Теперь, если художник «занимается чем-то еще», это производит на публику крайне неблагоприятное впечатление. В этом смысле я не исключение, я бы сказал: продолжай писать, сделай сотню этюдов, а если этого недостаточно, две сотни, потом посмотри, не поможет ли тебе это избавиться от необходимости «заниматься чем-то еще». И еще следует приучить себя к бедности, посмотреть, как живет солдат или грузчик, как он остается здоровым при любой погоде и непогоде; надо довольствоваться такой же пищей и таким же жильем, как у простого народа, – это не менее практично, чем зарабатывать несколько лишних гульденов в неделю. Человек пришел в этот мир не ради удовольствия, и вовсе не обязательно, что нам должно быть лучше, чем другим. Иметь чуть больше – это почти ничего не дает, ведь нашу молодость мы все равно не можем удержать.
Если бы ЭТО было возможно! Но то единственное, что делает человека поистине счастливым, молодость, которая долго сохраняется, – это у нас невозможно, да и в Аравии и Италии тоже, хотя там лучше, чем здесь.
Лично я считаю, что у человека больше всего шансов оставаться сильным и обновляться, если он принадлежит к современному «третьему сословию». Так вот, я говорю, что пытаюсь найти счастье в живописи, не думая ни о чем другом. Но мне представляется, что, если я захочу зарабатывать, будет правильно заняться портретами. Я знаю, как трудно угодить людям в вопросе «сходства», и боюсь говорить заранее, что уверен в своих силах. Но совсем невозможным я это не считаю, потому что здешние люди, в общем, такие же, как и везде. Так вот, крестьяне и люди из деревни никогда не ошибаются и говорят мне сразу же, даже если я пытаюсь их убедить, что они ошиблись: это – Рейнир де Грейф, это – Тоон де Гроот, а вон то – Дин ван де Бейк и т. п. Иногда узнают даже фигуры, написанные со спины.
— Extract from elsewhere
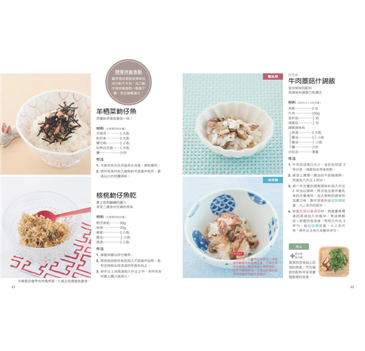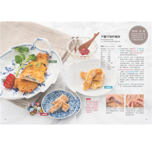 ※「親子分食料理」料理超便利───食譜採分食模式,其中依離乳期及幼兒期調整切法,大人可在最後步驟配合個人喜好添加食材,家長不僅能輕鬆料理,同時能讓寶寶攝取到營養均衡的餐點。

В городах тамошние людишки, и уж точно кокотки, всегда, кем бы они ни были, любят портреты. А Милле обнаружил, что морские капитаны даже «уважают» тех, кто умеет писать портреты (наверное, портреты предназначены для их любовниц на берегу). Этим еще недостаточно пользуются. Помнишь, об этом писал Сансье? Я навсегда запомнил, как Милле таким способом зарабатывал на жизнь в Гавре.
Так вот, в общих чертах мой план – поехать в Антверпен, но как и что я там буду делать – просчитать заранее не могу.
Я разузнал шесть адресов торговцев картинами, так что собираюсь взять с собой кое-какие работы, а как только приеду туда, напишу несколько видов города, довольно больших, и выставлю их тоже.
Итак, я сосредоточу все силы на том, чтобы добиться чего-нибудь там. Отправляясь туда бедняком, я в любом случае ничего не потеряю.
Что же касается жизни здесь, я слишком хорошо знаю эту местность и этих людей и слишком люблю их, чтобы думать, будто уезжаю отсюда навсегда. Постараюсь снять здесь помещение, где сложу свои вещи, и буду чувствовать себя спокойно, если на время захочу уехать из Антверпена или затоскую по сельской местности.
Что же касается «заниматься чем-то еще», то на сей счет с самого начала занудствовал, например, Терстех. Именно занудствовал, что бы Терстех собой ни представлял. Люди, которые больше всех говорят о подобных вещах, никогда не могут сказать определенно, какую область они имеют в виду. Так вот, чтобы внести ясность относительно меня самого: если бы я решил «заниматься чем-то еще», единственное, на что я мог бы согласиться, – это, будучи знакомым с художниками и торговцами картинами, делать что-нибудь с картинами – например, ездить по делам в Англию и т. п.
Такие вещи, тесно связанные с живописью, служат исключением, но правило таково, что художник должен всецело быть только художником.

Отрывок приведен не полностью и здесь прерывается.